Intellectual property identity identification method based on academic talent information intellectual map

Technical Field

The invention relates to an intellectual property identity identification method based on an academic talent information intellectual map. The method mainly aims at intellectual property information of the whole network, such as patent inventions, thesis, soft works and the like, and realizes the identification of the author of the intellectual property information by the method, thereby completing the establishment of an academic talent information knowledge base in the big data industry, and having positive effects on early discovery and effective reservation of high-quality talents.

Background

The traditional entity linking method mainly comprises three processes of nominal identification, candidate entity generation and candidate entity sequencing, wherein the nominal identification is mostly acquired based on an entity identification technology, the candidate entity generation generally comprises information extraction of a knowledge base, an associated dictionary corresponding to an entity is constructed, and a large number of candidate entities can be generated only by simply matching character strings in the dictionary when candidates are generated according to the dictionary. The knowledge base is generally selected as Wikipedia, so that data limitation is large, and meanwhile, only a dictionary matching mode is adopted, so that not only are too many candidate entities caused, not only is resource waste caused, but also interference items are improved, and the accuracy is reduced.

The mainstream candidate entity ordering method adopts the idea based on similarity comparison, and the basic idea is to select the candidate entity with the maximum similarity as the link target by calculating the context similarity between the entity nominal item extracted from the text and the candidate entity obtained from the knowledge base query. Most of the similarity calculation is carried out by adopting a machine learning method based on artificially defined rules, for example, context features (keywords) and page structure features (such as page redirection, anchor text and the like) of candidate entities on a Wikipedia page are added during solving; or selecting entity popularity to assist disambiguation; or choose to add consideration to the relevance of categories between entities (link relationships, probability of co-occurrence, etc.); the method based on the artificial definition rule has large limitation, cannot acquire all rule information comprehensively, and meanwhile, the context information of the candidate entity based on the Wikipedia or the encyclopedia is not comprehensive and disordered enough, so that the method brings obstruction to accurate identification.

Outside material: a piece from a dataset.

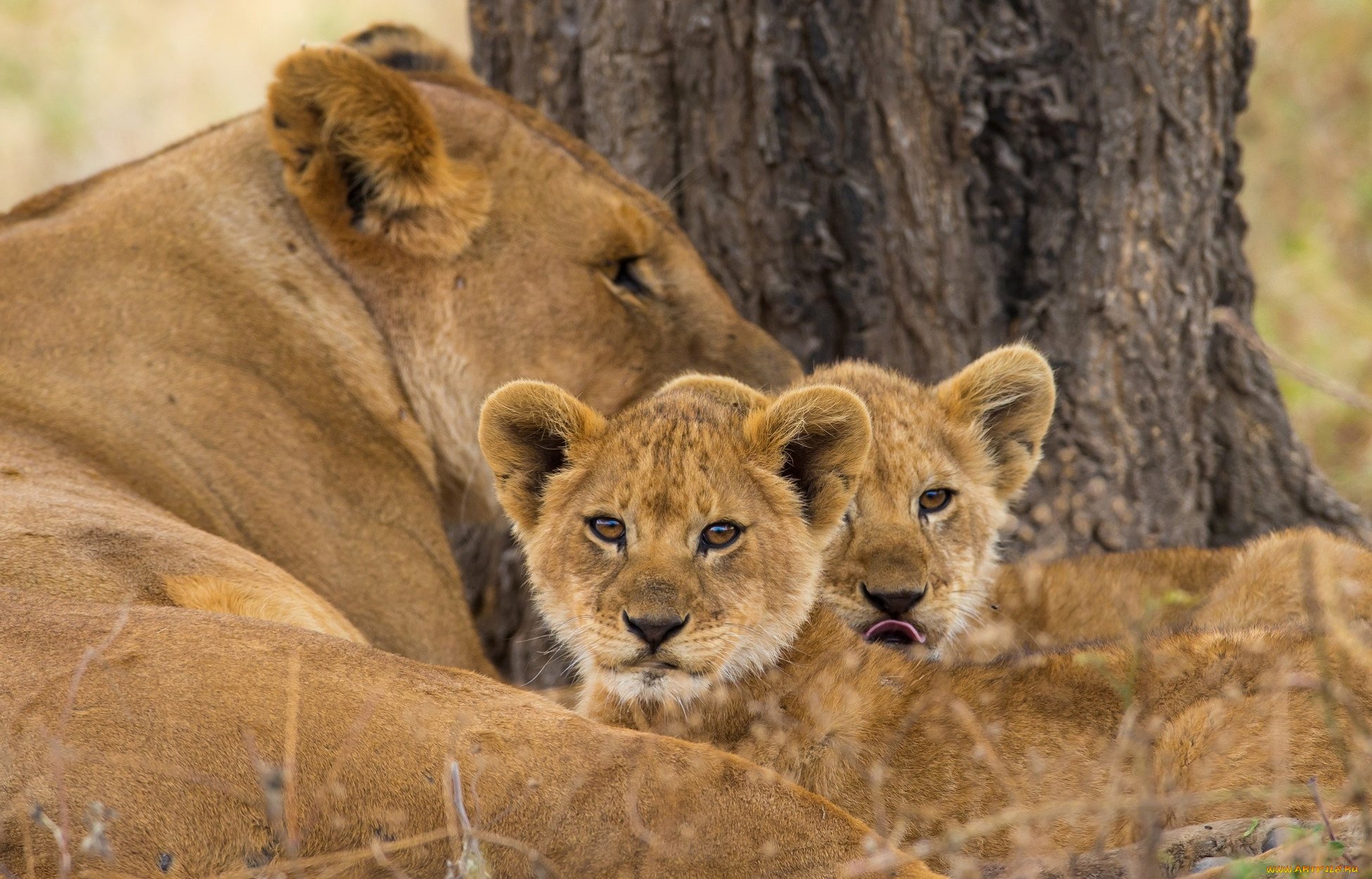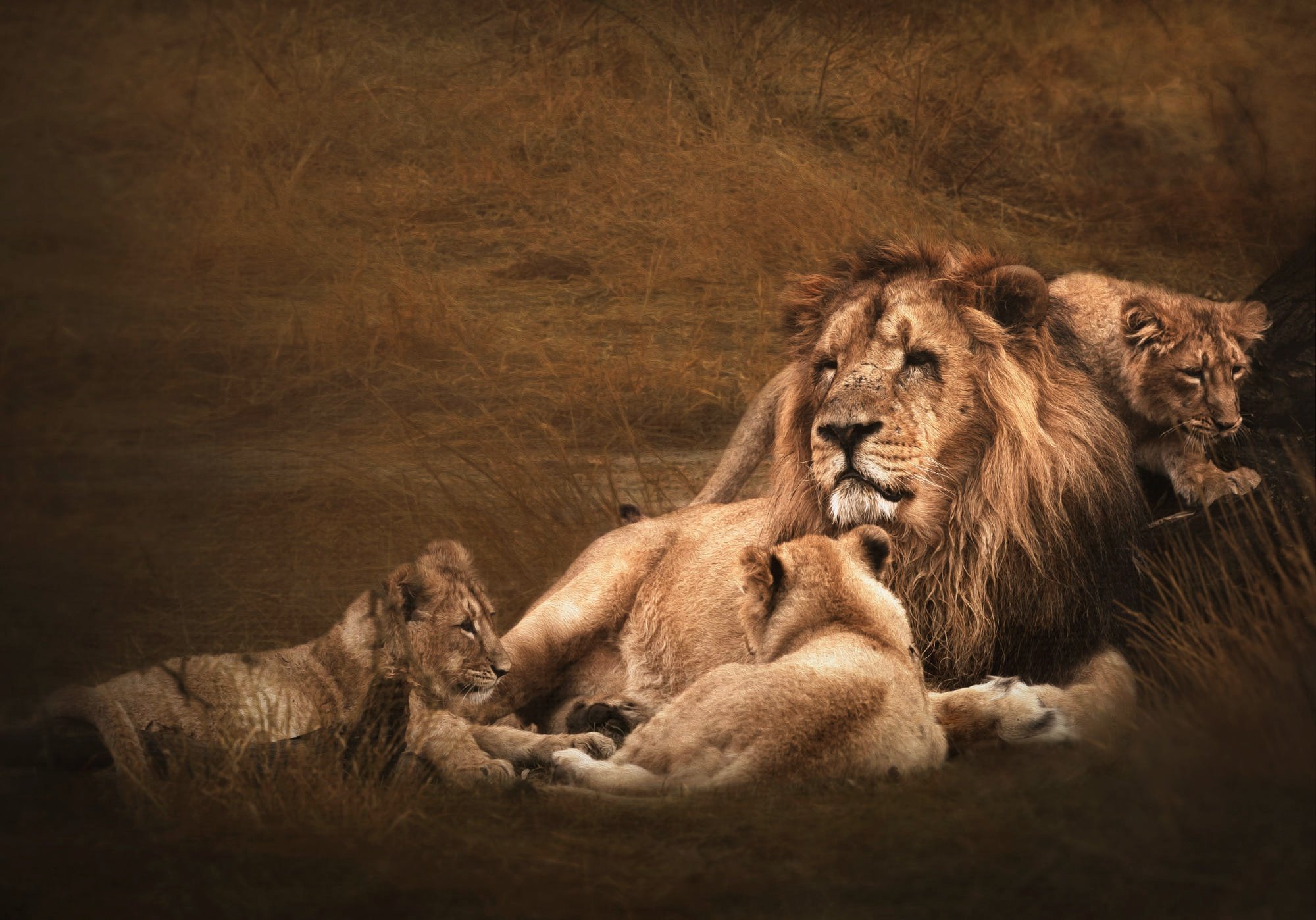 Обои львиная семья

In addition, entity linking methods based on deep learning are also becoming more popular, compared with traditional methods, deep learning methods do not need to define relevant features manually, such as document representation of learning entities based on a Deep Neural Network (DNN), and category representation is obtained by using a CNN; or the expression, the entity and the context are subjected to embedded expression, the characteristics are extracted through CNN, and finally the similarity of the expression and the entity is calculated for linking; or the BERT pre-training language model analyzes the context of the entity nominal item and the correlation information of the candidate entity, and enhances the result of entity link by improving the semantic analysis effect. However, the deep learning method requires too much data and has high requirements on machine performance, especially in a big data scene, and meanwhile, deep learning completely depends on the corpus, and if the deep learning method is completely depended on, the effect may be worse when the corpus is deviated.

Disclosure of Invention

The invention aims to provide an intellectual property identity identification method based on an academic talent information intellectual map.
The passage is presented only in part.